Читаем Маленький Большой человек полностью

Случались и ещё недоразумения — к примеру, один вождь — его звали Большая Голова — поехал с миром в гости в Форт-Кирни, а в него там начали стрелять, ранили. Шайенов всё это не на шутку задевало, потому как — по их меркам — они к белым относились дружелюбно. Даже после всех этих дел послали делегацию к представителю «Бюро но делам индейцев» и извинились. И женщину отпустили — которую захватили. Но понимаете, какое дело? — вся беда в том, что никогда у индейцев не было порядка. Убивали белых одни, а извиняться ездили другие. А потом солдатам под руку попадались вообще третьи. Солдаты их наказывали — на всю катушку, а индейцы потом отыгрывались — да не на солдатах, а на ком-то совсем другом. Вот такие дела…

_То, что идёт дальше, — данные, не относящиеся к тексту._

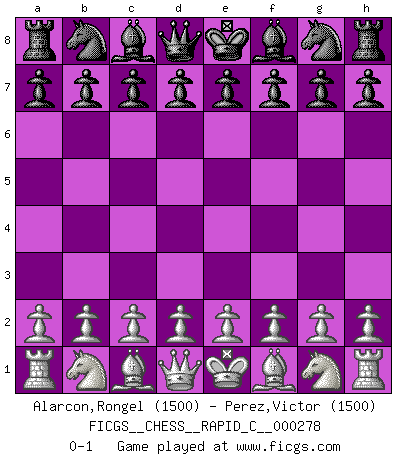 Last move : 0-1 2022 January 27 4:30:35 [Event "FICGS__CHESS__RAPID_C__000278"] [Site "FICGS"] [Date "2021.12.27"] [Round "1"] [White "Alarcon,Rongel"] [Black "Perez,Victor"] [Result "0-1"] [WhiteElo "1500"] [BlackElo "1500"] 0-1 This chess game has been lost on time (started : 2021.12.27 17:41:55) Player Black won this chess game. Follow this game move after move (download)Only the player with the initiative has the right to attack. (Wilhelm Steinitz) Das Schachspiel übertrifft alle anderen Spiele so weit wie der Chimborasso einen Misthaufen. (Arthur Schopenhauer) En el Ajedrez, tal como es jugado por los Maestros, practicamente la suerte es eliminada. (Emanuel Lasker) Celui qui prend des risques peut perdre, celui qui n'en prend pas perd toujours. (Xavier Tartacover) It's not the will to win, but the will to prepare to win that makes the difference. (Bear Bryant)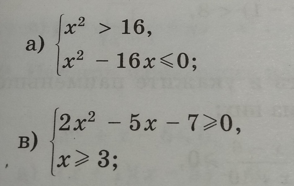 а) решая первое неравенство получается, что х принадлежит от -4 до 4 (т.к. корень - два значения)

Я довольно быстро понял, что труднее всего в жизни — по крайней мер, в моей — приходится тогда, когда надо решать: кто ты есть такой? Как в тот раз — помните? — когда я прикончил Ворону: он меня пощадил, потому что я белый, а я его убил, потому что я Шайен. Он иначе не мог, и я иначе не мог, и ничего тут не поделаешь, хоть тресни. Можно было б посмеяться да только не смешно, потому как речь о жизни и смерти.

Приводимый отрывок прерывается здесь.